# Traveling for Work



## grind4it (Sep 16, 2014)

If you travel for a living, I'm curious what you guys do to help keep your diet in check?

I'm covering several states but i am doing it in my vehicle.* I've played with the cooler idea. I can't find a real cooler that cools more than a few degree below ambient temperature.* I've about given up on that idea.

I'm looking for ready made foods and restaurant ideas. Any and all ideas that revolve around the topic of travel diet will be greatly appreciated.

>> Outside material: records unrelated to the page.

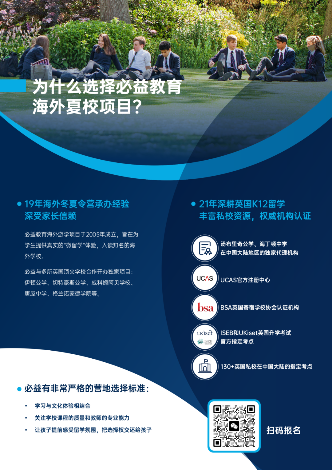 近8年来,必益教育已经帮助20+学子成功录取Sevenoaks School。自2020年起,必益教育便是七橡树中学(Sevenoaks School)13+中国大陆地区唯一指定考点,七橡树中学的入学考试事宜,都需联系必益教育进行。(点击回顾2024年七橡树中学13+入学中国大陆独家考场)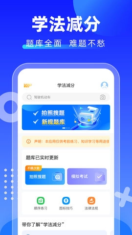 学法减分拍照搜题具备拍照搜题、文字搜题、语音搜题、考前练习以及模拟考试等多项功能。其中,拍照搜题能够借助拍照识别试题,实时同步更新学法减分考试题库,并且提供准确率高、搜题速度快的服务;文字搜题可通过输入文字描述试题,迅速找到相关题目;语音搜题则能通过语音输入试题内容,让题目搜索更加方便快捷。考前练习功能结合大数据出题,覆盖了小车、客车、货车和摩托车等各类车型,全国各地区的题库也会实时更新。模拟考试功能会依据考试大纲的要求,提供仿真的模拟考试环境,助力考生攻克考试中的重难点部分。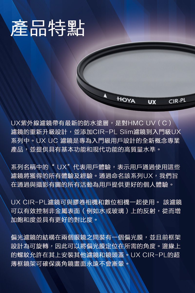 UX紫外線濾鏡帶有最新的防水塗層,是對HMC UV(C)濾鏡的重新升級設計,並添加CIR-PL Slim濾鏡到入門級UX系列中。UX UC 濾鏡是專為入門級用戶設計的全新概念專業產品,並提供具有基本功能和現代功能的高質量水準。系列名稱中的“ UX”代表“用戶體驗”,表示用戶通過使用這些濾鏡將獲得的所有體驗及經驗。通過命名該系列UX,我們旨在通過與攝影有關的所有活動為用戶提供更好的個人體驗。UX CIR-PL濾鏡可與膠卷相機和數位相機一起使用。 該濾鏡可以有效控制非金屬表面(例如水或玻璃)上的反射,從而增加飽和度並具有更好的對比度。偏光濾鏡的結構在兩個眼鏡之間裝有一個偏光膜,並且前框架設計為可旋轉,因此可以將偏光膜定位在所需的角度。邊緣上的螺紋允許在其上安裝其他濾鏡和鏡頭蓋。UX CIR-PL的超薄框鏡架可確保廣角鏡畫面永遠不會漸暈。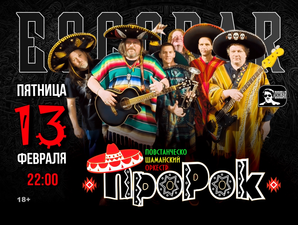 Купить билет 13 февраля – Повстанческо-Шаманский Оркестр (ПШО) ПроРок В пятницу 13 февраля , в Эскобаре будет страшно весело и ужасно интересно! Из Петербурга в гости к нам едет [...]

Im bulking right now so it's not a major concern yet. Lol With that said, there's only some many BK double woppers a man can stand. When I bulk I try not to get too fat.


Thanks
-grind


----------



## Billy badass (Sep 16, 2014)

http://nutrition.about.com/od/foodfun/a/healthyeating.htm


----------



## Azog (Sep 16, 2014)

I've seen people with small fridges hooked up to the car. Not sure about specifics but just an idea.
Also, rice cakes, precooked chicken from markets, whey and peanut butter can go a long way!


----------



## Azog (Sep 16, 2014)

You could hit a market every AM, get precooked chicken breast or a rotisserie and a carton of egg whites. Slam the egg whites and the chicken won't go bad in 1 day. Rice cakes, whey and  PB are obviously g2g.


----------



## Assassin32 (Sep 16, 2014)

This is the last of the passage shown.